While tropical-storm force winds buffeted southeastern Massachusetts and could sweep into Maine later Saturday, hurricane-force winds are unlikely to pose any threat to land in the U.S.

In North Carolina, the governor said officials were aware of no serious injuries on the Outer Banks from the storm. About 200 people were in shelters and 57,000 without power as of mid-day Saturday, according to the governor’s office. Emergency officials transported fuel trucks, generators, food and water to Okracoke.

“We just thought it was gonna be a normal blow,” Steve Harris, a semi-retired contractor, said Friday. “But the damage is going to be severe this time. This is flooding of biblical proportions.”

Harris lost his car to the storm and his air conditioner is damaged, but he said he’s blessed that his condominium is on the third floor and he is insured.

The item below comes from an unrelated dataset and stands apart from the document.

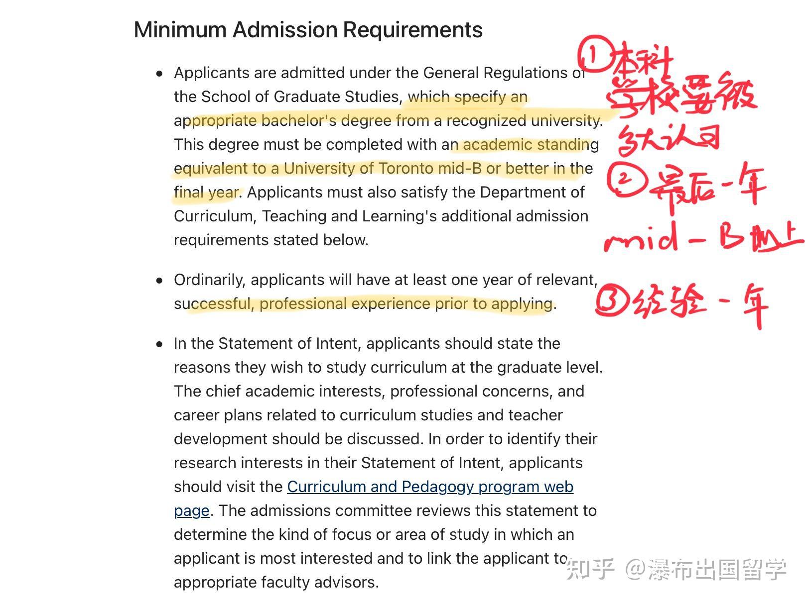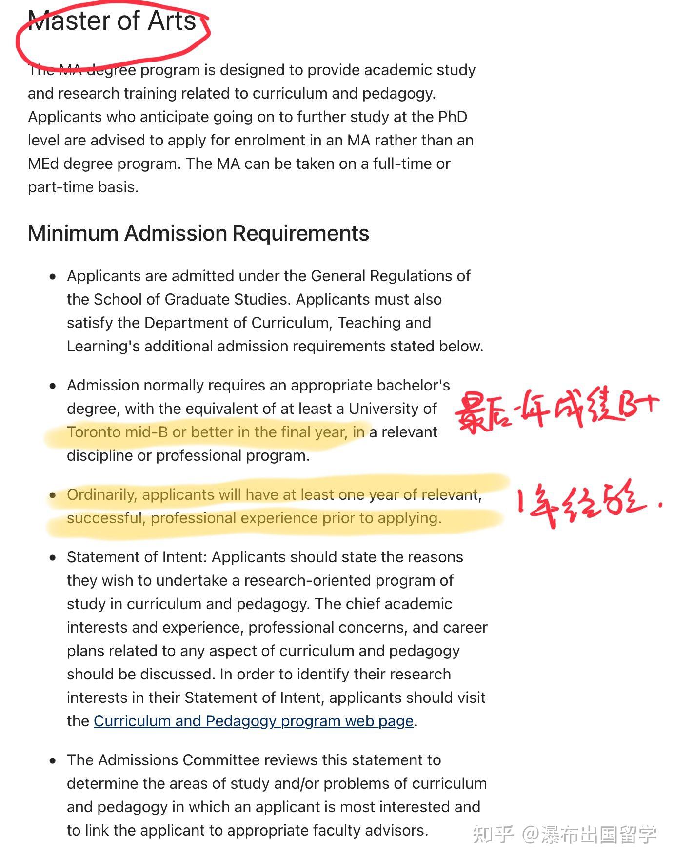 ④教育硕士:本科院校是多伦多大学承认的院校,在本科最初一年Mid-B(80-85摆布),在申请之前,申请者必需有至少一年的相关的,胜利的,专业的经历

The U.S. Coast Guard began landing local law enforcement officers on the island Friday by helicopter and airlifting out the sick, elderly and others in distress, Hyde County authorities said. Officers were doing door-to-door checks and offering water and food to residents, according to the sheriff’s office.

At least four deaths in the Southeast were blamed on Dorian. All were men in Florida or North Carolina who died in falls or by electrocution while trimming trees, putting up storm shutters or otherwise getting ready for the hurricane. North Carolina’s governor on Saturday urged returning residents to be vigilant, as many of the injuries and deaths from previous storms happened during the cleanup process.

Dorian slammed the Bahamas at the start of the week with 185 mph (295 kph) winds, killing at least 43 people and obliterating countless homes. From there, it swept past Florida and Georgia, then sideswiped the Carolinas on Thursday, spinning off tornadoes that peeled away roofs and flipped recreational vehicles.

Still, the damage was far less than feared in many parts of the Carolinas, including historic Charleston, South Carolina, which is prone to flooding even from ordinary storms, and Wilmington, North Carolina, the state’s biggest coastal city.

Ocracoke resident and restaurant owner Jason Wells said he lost three vehicles and a golf cart to floodwaters, and he has $5,000 worth of food in a freezer on an island that still lacks power. He said by text message Saturday that he and family members were already bleaching and disinfecting their houses, but he feared weeks could pass before electricity returned to most houses because of wiring problems caused by floodwaters.

“We are a close knit community. We will power on,” Wells wrote. “We will persevere. We are family. Time to get to work.”